# Brauch ich eine 5400 U/min oder 7200 U/min HDD? 3.5 Zoll oder 2.5 Zoll?



## tidus79 (21. Juli 2017)

Hallo Leute, hoffe ihr könnt mir weiter helfen.

Trotz meiner Rechercheversuche habe ich keine zufrieden stellende Antwort finden können. 
Ich brauche mehr Speicher für meinen Desktop PC. Eine 2TB HDD soll es werden. Drauf kommen vor allem große Steam Spiele und mitunter das eine oder andere Programm, das nicht mehr auf die SSD passt. Für Multimedia und großes Daten hin-und-her schieben etc. ist eine andere Platte zuständig, doch wird die neue mit dem Bearbeiten von Adobe-Dokumenten belastet werden.

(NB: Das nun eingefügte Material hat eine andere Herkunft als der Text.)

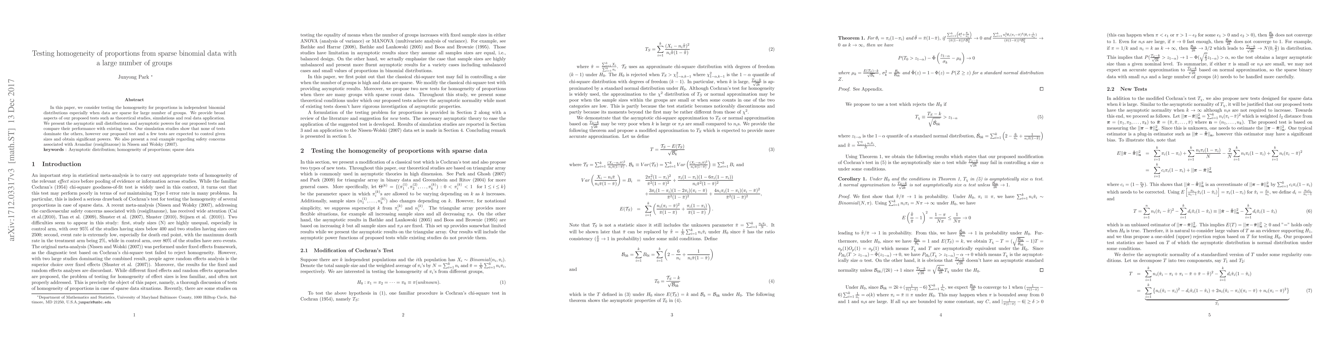 This paper proposes new tests for assessing homogeneity of proportions in sparse binomial data across many groups, comparing their performance through simulations and real data applications. The proposed tests show competitive control over given sizes and power, with no single test consistently outperforming others.
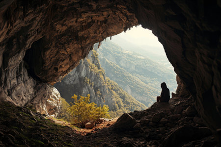 A hermit's peaceful life in the quiet isolation of a mountain cave AI generated
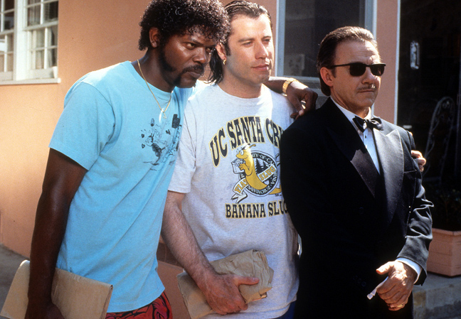 Η φοβερή και τρομερή τριάδα του φιλμ του Ταραντίνο, Σάμιουελ Τζάκσον, Τζον Τραβόλτα και Χάρβεϊ Καϊτέλ, ποζάρουν στον φωτογράφο...
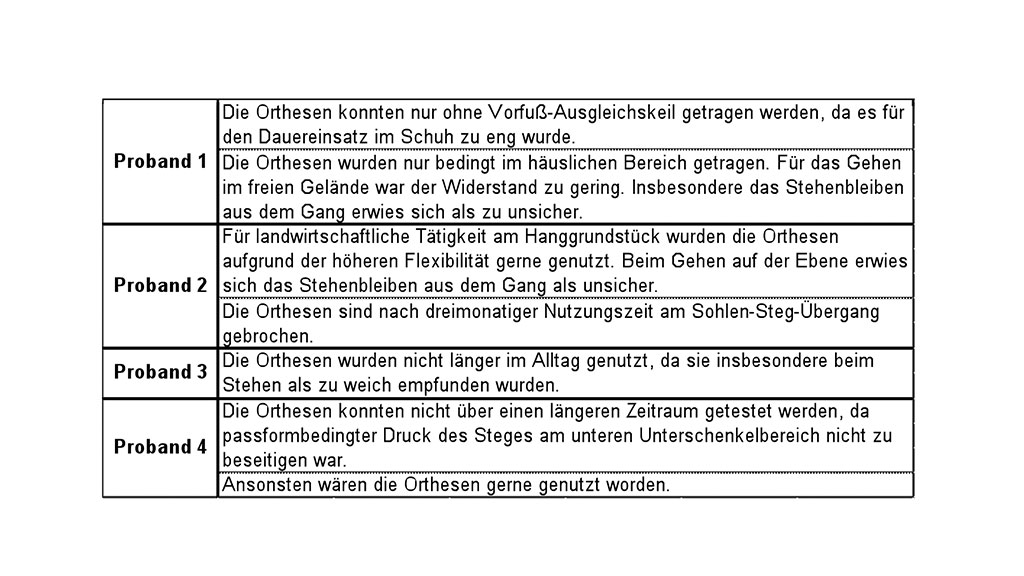 Die Aussagen der Patienten zu den Alltagserfahrungen mit der Blue Rocker-Orthese sind in der Tabelle 4 aufgeführt. Faktisch konnten aus unterschiedlichen Gründen nur von einem Patienten die Blue Rocker-Orthesen genutzt werden, allerdings nur zu landwirtschaftlichen Arbeiten am Hanggrundstück. Hier stellte die höhere Flexibilität einen Vorteil dar. Dieser hohen Belastung hielten die Orthesen jedoch nur knapp drei Monate stand. Folglich konnte die subjektive Einschätzung nur noch im Vergleich ohne Orthesen und mit der individuellen dGRAFO ausgewertet werden.

Mir ist wichtig, dass die Platte leise ist. Meine jetzigen beiden Platten (3.5 Zoll, 7200 U/min Samsung, 1tb und 500gb, einige Jahre alt, die 500Gb soll ersetzt werden) brummen unmenschlich laut, obwohl sie im Gehäuse bereits entkoppelt sind. Ich merke das Brummen sogar, wenn ich meine Hand auf das PC-Gehäuse lege. Sie sind ganz leicht das lauteste im PC und ich lasse sie daher von Windows nach 7 min abschalten, wenn sie nicht gebraucht werden. Der PC wird dann erst angenehm leise. Aber wenn sie dann wieder anlaufen ... Der Horror. 
Neben der Lautstärke ist mir eine gewisse Geschwindigkeit natürlich auch wichtig. Da geht es um die Ladezeiten der Spiele und anderer großer Dateien von Lightroom, Premiere Pro, Indesign, Photoshop. 

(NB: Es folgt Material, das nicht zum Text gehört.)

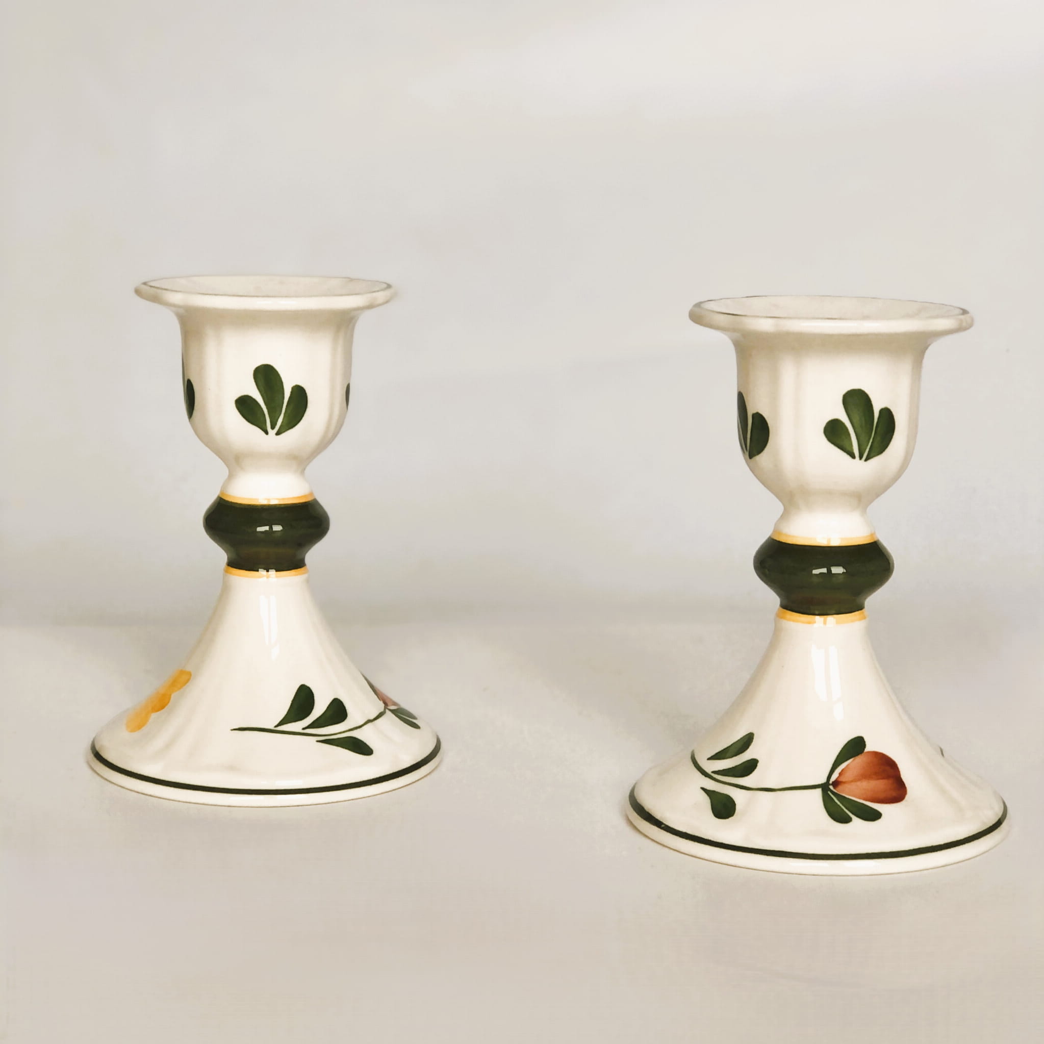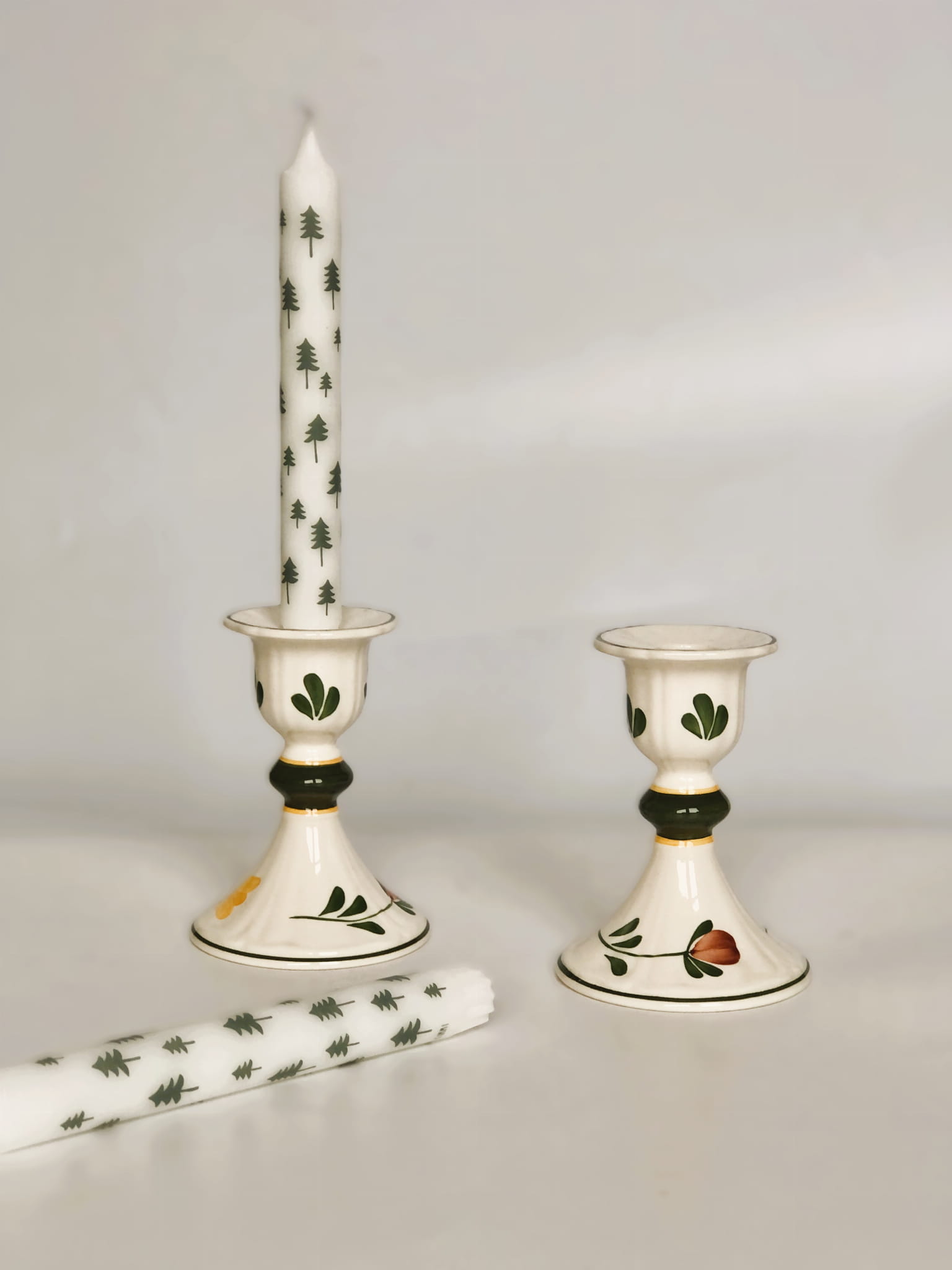 Porcelanowe świeczniki ręcznie malowane w kwiatowe wzory w odcieniach zieleni, bordo i żółtym. Stylowa ozdoba w rustykalnym stylu.

Also was nehme ich? 5400 U/min Platten sind leiser als 7200 U/min Platten, aber wie viel leiser? Und wie viel langsamer?
2.5 Zoll Platten sind vermutlich auch leiser und langsamer als 3.5 Zoll Platten. Aber wie viel leiser und wie viel langsamer? 
Ist vielleicht eine 2.5 Zoll 7200 U/min Platte die richtige Wahl? Oder eine 3.5 Zoll 5400 U/min Platte? Was ist ein guter Kompromiss, wenn die Priorität etwa wie folgt festgelegt wird: 60% Lautstärke / 40% Speed.

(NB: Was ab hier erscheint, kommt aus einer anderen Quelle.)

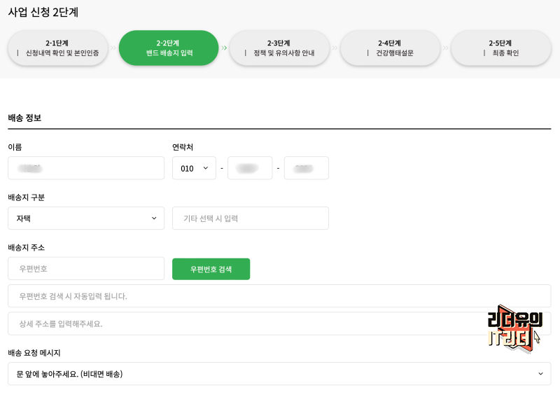 이제 배송 정보를 입력합니다. 스마트워치를 받을 정보입니다.
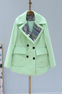 Áo khoác 2017 mùa đông quần áo hiệu giảm giá của phụ nữ 7D3066 khí pocket đôi ngực móc hoa ve áo len ngắn áo dạ nữ đẹp Áo khoác ngắn
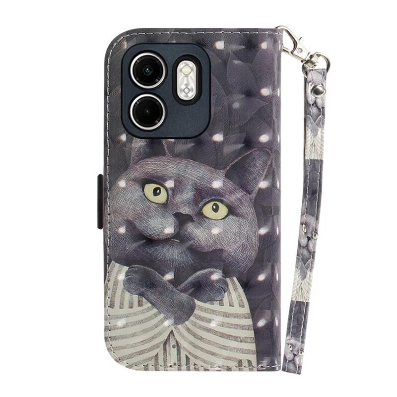 Θήκη τηλεφώνου δερμάτινη, οριζόντια, αναδιπλούμενη, με τρισδιάστατο χρωματιστό σχέδιο για Infinix Hot 50i / Smart 9 (Αγκαλιάζουσα Γάτα)
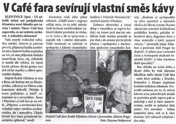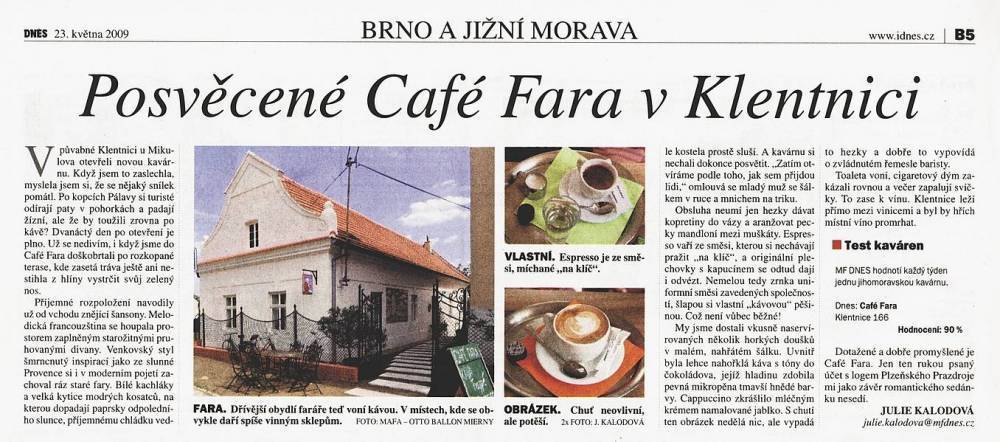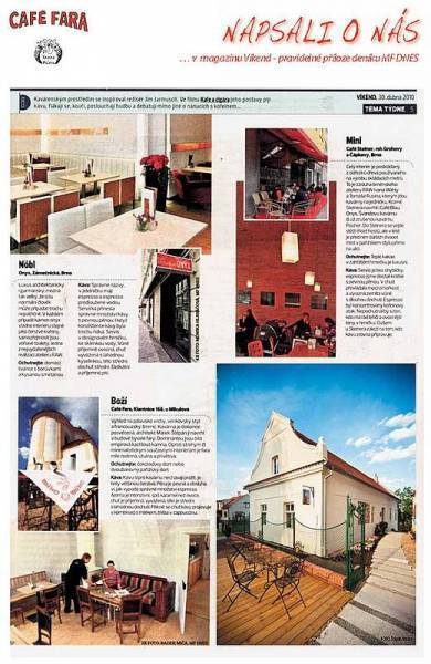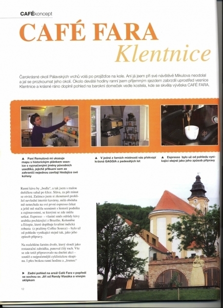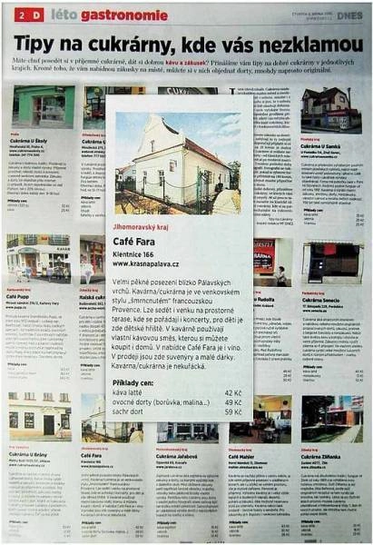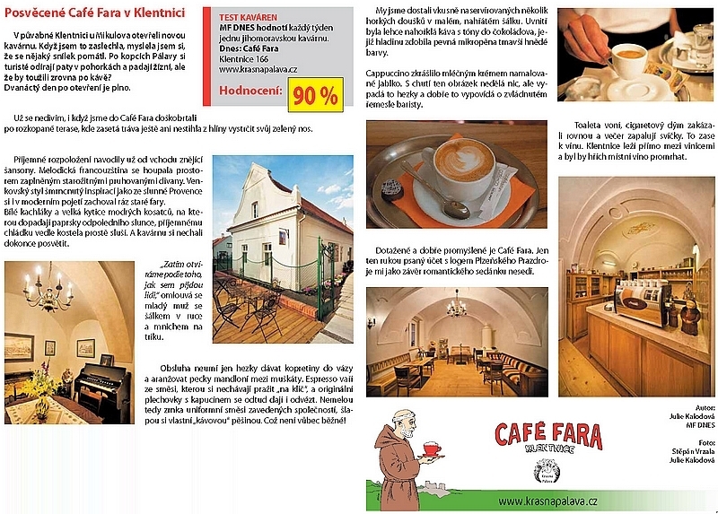 - Magazín Dolce Vita a zmínka o Café Fara ve velkém článku o Jižní Moravě "Země zaslíbená".

Ich hoffe, meine Fragerei nervt nicht allzu sehr, aber ich fühle mich einfach nicht ausreichend informiert, um eine vernünftige Kaufentscheidung treffen zu können. Wenn man im Internet mal Vergleiche findet, dann von unterschiedlichen Modellen und das ist ja sinnlos. Wenn man 2.5 Zoll mit 3.5 Zoll oder 5400 U/min mit 7200  U/min vergleichen will, müssen alle anderen Faktoren gleich sein, es müssen also ansonsten die gleichen Festplatten sein.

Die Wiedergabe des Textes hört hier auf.